McDonald's All-American

= 2016 McDonald's All-American Girls Game =

The 2016 McDonald's All-American Girls Game is an All-Star basketball game that was played on March 30, 2016, at the United Center in Chicago, Illinois, home of the Chicago Bulls. The game's rosters featured the best and most highly recruited high school girls graduating in 2016. The game is the 15th annual version of the McDonald's All-American Game first played in 2002.

==2016 Game==
The 2016 McDonald's Game featured one of the highest scoring games in history on the girls' side. The West ultimately ended up winning by a final score of 97–88 in overtime. This was the game's first overtime in history - boys or girls. Sabrina Ionescu also made history by scoring 25 points - a new scoring record for the game. The record was previously held by Elizabeth Williams.

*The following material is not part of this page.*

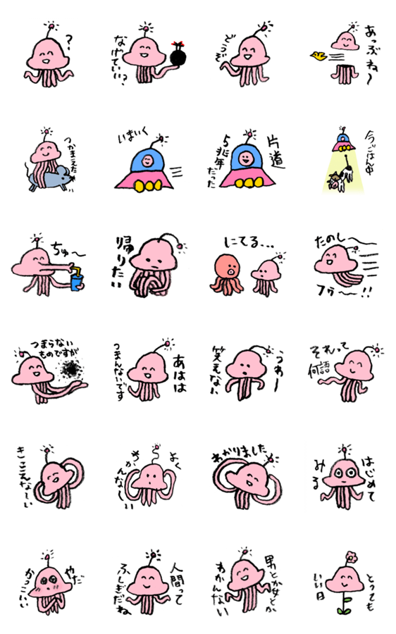 初めて地球へ旅行にやってきたピンクの宇宙人。
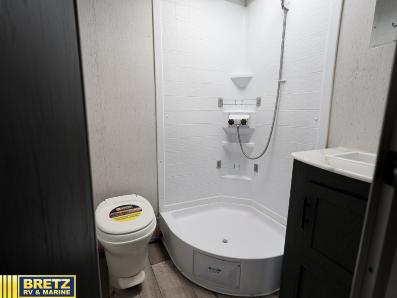 This Aspen Trail travel trailer is the perfect couple's getaway! With a queen-size bed up front that has wardrobes on either side and overhead cabinets above, as well as a rear corner bathroom, you can start each day clean and relaxed. Plus, the bathroom even features a skylight above the neo-angled shower for added natural lighting. Just outside the bathroom is a closet for you to use how you please, and across from it is the booth dinette where you can enjoy your meals, play a card game, or even transform into an extra sleeping space if needed!

The West came back to tie the game 86–86 with just less than a minute left on a three-pointer from Lauren Cox. The game went into overtime and while the East was able to score first, the West ended the game with an 11–0 run to secure the victory.

===2016 East Roster===

| ESPNW 100 Rank | Name | Height | Position | Hometown | High school | College choice |
|---|---|---|---|---|---|---|
| 5 | Erin Boley | 6–2 | F | Hodgenville, Kentucky | Elizabethtown High School | Notre Dame |
| 22 | Kaila Charles | 5–11 | F | Glenn Dale, Maryland | Riverdale Baptist School | Maryland |
| 8 | Natalie Chou | 6–1 | G | Plano, Texas | Plano West | Baylor |
| 35 | Lindsey Corsaro | 6–0 | G | Indianapolis, Indiana | Roncalli High School | Kentucky |
| 3 | Crystal Dangerfield | 5–6 | G | Murfreesboro, Tennessee | Blackman High School | Connecticut |
| 2 | Joyner Holmes | 6–3 | F | Cedar Hill, Texas | Cedar Hill High School | Texas |
| 13 | Cierra Johnson | 6–4 | C | Duncanville, Texas | Duncanville High School | Louisville |
| 19 | Nancy Mulkey | 6–9 | C | Cypress, Texas | Cypress Woods High School | Oklahoma |
| 12 | Amber Ramirez | 5–8 | G | San Antonio, Texas | Karen Wagner High School | TCU |
| 6 | Sug Sutton | 5–8 | G | St. Louis, Missouri | Parkway North High School | Texas |
| 29 | Blair Watson | 6–0 | F | Nutley, New Jersey | Nutley High School | Maryland |
| 30 | Aaliyah Wilson | 5–9 | G | Muskogee, Oklahoma | Muskogee High School | Arkansas |

===2016 West Roster===

| ESPNW 100 Rank | Name | Height | Position | Hometown | High school | College choice |
|---|---|---|---|---|---|---|
| 41 | Jeannie Boehm | 6–3 | F | Winnetka, Illinois | New Trier High School | Harvard |
| 34 | DiJonai Carrington | 6–0 | G | San Diego, California | Horizon Christian Academy | Stanford |
| 45 | Chassity Carter | 5–11 | F | Dickson, Tennessee | Dickson County High School | Vanderbilt |
| 1 | Lauren Cox | 6–4 | F | Flower Mound, Texas | Flower Mound High School | Baylor |
| 27 | Nadia Fingall | 6–2 | C | Navarre, Florida | Choctawhatchee High School | Stanford |
| 4 | Sabrina Ionescu | 5–10 | G | Walnut Creek, California | Miramonte High School | Oregon |
| 10 | Tori McCoy | 6–4 | F | Champaign, Illinois | Saint Thomas More High School | Ohio State |
| 9 | Leaonna Odom | 6–1 | F | Lompoc, California | Chaminade College Preparatory School | Duke |
| 17 | Kylee Shook | 6–4 | C | Colorado Springs, Colorado | Mesa Ridge High School | Louisville |
| 7 | Destiny Slocum | 5–7 | G | Meridian, Idaho | Mountain View High School | Maryland |
| 42 | Anna Wilson | 5–7 | G | Seattle, Washington | Bellevue High School | Stanford |
| 11 | Jackie Young | 5–11 | G | Princeton, Indiana | Princeton Community High School | Notre Dame |

===Coaches===
The East team was coached by:
- Head Coach — Marcia Pinder of Dillard High School (Fort Lauderdale, Florida)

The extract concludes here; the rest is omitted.